If there was an `XML.parse` just like there's `JSON.parse`, I doubt you'd say the same. As it stands, the added complexity in JS-land is to import a library that provides this functionality for you. Fortunately there are many, but I agree a built-in would be nice. It's a bit of a shame that E4X never landed in JS.

It's more than JUST library support. It's also that JSON deserializes into common native data types naturally (dictionary, list, string, number, null).

You can deserialize XML into the same data types, but it's not anywhere near as clean because of how extensible XML is. That's a big part of what's made JSON successful.

Right, but you inevitably end up with boilerplate "massage" code around your data anyway. Case in point: dates, any number that isn't just a number e.g. currencies or big numbers, URLs, file paths, hex, hashes. Basically any type that carries any kind of semantics beyond array, object, string, number, or null will require this boilerplate, only that your data format has no way of describing them except for out-of-band specs, if you want to call them such.

At least XML has schemas, and even if all you're doing is deserializing everything into JsonML like objects you're still better off because you'll have in-band metadata to point you in the right direction.

CBOR [1] allows the semantic tagging of data values and makes a distinction between binary blobs (a collection of 8-bit values) and text (which is defined as UTF-8).

[1] RFC-7049. Also checkout http://cbor.io/

IMHO the boilerplate code is much easier to read than understanding the nuances of XML if I have to read a document.

{"type":"currency", "unit":"euro", "amount": 10}

feels easier to understand than

<currency unit="euro">10</currency>

Maybe it's just conditioning, but I find the latter example easier to read and understand. In fact, I'd say that - in general - I find XML better in terms of human readability than JSON. I guess it just goes to show that we all see certain things differently. shrug

I think that's totally reasonable - because it was after all one of the goals of XML. That is, to be human readable.

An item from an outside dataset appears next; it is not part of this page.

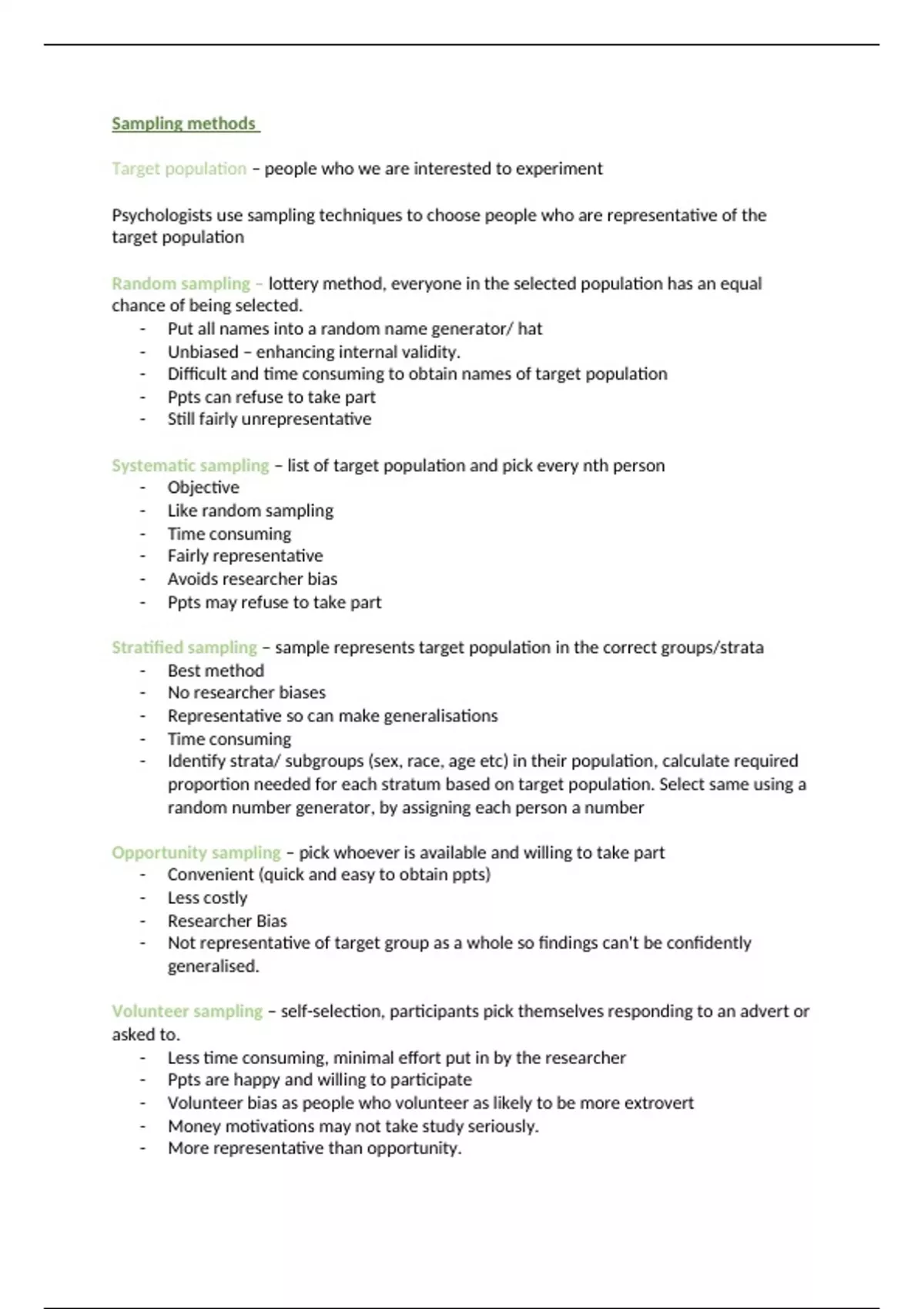 notes on sampling methods in research methods for aqa a level psych

There is a difference however between readable + parsable vs parsable + easily dealt with.

XML was not the latter. You have to do more work to traverse and handle XML inside your application than you do JSON, and most of the (reasonable) reasons for this are due to features that most cases don't need.

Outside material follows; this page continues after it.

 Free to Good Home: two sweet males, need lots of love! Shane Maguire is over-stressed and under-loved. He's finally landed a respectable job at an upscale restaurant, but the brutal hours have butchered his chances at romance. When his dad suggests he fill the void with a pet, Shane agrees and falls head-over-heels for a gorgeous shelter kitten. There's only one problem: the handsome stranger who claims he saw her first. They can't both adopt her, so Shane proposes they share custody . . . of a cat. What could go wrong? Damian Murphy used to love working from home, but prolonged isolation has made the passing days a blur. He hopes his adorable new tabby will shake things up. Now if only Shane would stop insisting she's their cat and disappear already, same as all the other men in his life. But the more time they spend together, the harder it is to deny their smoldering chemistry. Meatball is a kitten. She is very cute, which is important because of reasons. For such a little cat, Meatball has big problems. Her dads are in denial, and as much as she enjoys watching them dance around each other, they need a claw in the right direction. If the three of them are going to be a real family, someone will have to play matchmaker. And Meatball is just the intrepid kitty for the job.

JSON makes the common case easy, XML doesn't.

How about:

<rec type="currency" unit="euro" amount="10" />

I don't think your problem is with the syntax, necessarily. It seems more like you prefer name/value pairs over semantic markup.

The biggest problem with XML is how easy it is to make a very bad schema, and how hard those can be to parse

Also, for what it's worth, your point is exactly why I mentioned E4X. Sure wasn't a panacea, but it had some things going for it.

E4X was exceedingly great. Loved it.

This is really only true in dynamically typed languages. From personal experience: parsing json in Java or Go without just treating everything as a bag of Object or an interface{} requires a ton of menial boilerplate work.

Super nice in python/ruby/javascript, though.

Swift 4 will have JSON encoding/decoding built in, and I wouldn't be surprised to see such a feature spring up in other modern languages too. Once that boilerplate is eliminated, json is a pretty decent solution.


I am very stoked for this.

> parsing json in Java or Go without just treating everything as a bag of Object or an interface{} requires a ton of menial boilerplate work.

From my experience in Java it is pretty simple using a library like Jackson. You define the types you expect to read, maybe add some annotations, and then it's one function call to deserialize. IIRC Go has something similar in its json library.

Yes, it's arguably nicer in Go, because you specify exactly what types and field names you expect, and then it's just a simple json.Unmarshal

Sure--it's kind of a pain in Swift, too.

Wouldn't it just be worse with XML, though? I get that people don't realistically parse it themselves and libraries are smart enough to use schemas to deserialize, but there's nothing inherent about JSON that makes it unable to conform to a schema or be parsable by libraries into native strongly-typed objects the same way.

Except JSON doesn't have semantics to describe schemas, only arrays, objects, strings, numbers and null. You can say "but this key is special" but then it's not JSON anymore. And if you're ok with that, may as well just use JSON-LD or some other JSON-like format.

Idk, I think JSON parsing is pretty ergonomic in Rust, definitely nicer than your typical XML DOM.

Of course, JSON doesn't support complex numbers, bignums, rationals, cryptographic keys &c. And it'd be even worse than XML to try to represent programs in.

JSON is definitely easier to decompose into a simple-to-manipulate bag-of-values than is XML.

XML is fundamentally much more complex than JSON so any XML parsing library will inevitably present more complicated API. I kinda like XML (!), but there is no point pretending that using it is as simple as JSON.

I think that depends what you mean by "using it".

XML can convey a lot more semantic meaning than JSON ever will, and standardisation of things like XPath, DOM, XSLT, etc provides a lot of power when working with XML documents.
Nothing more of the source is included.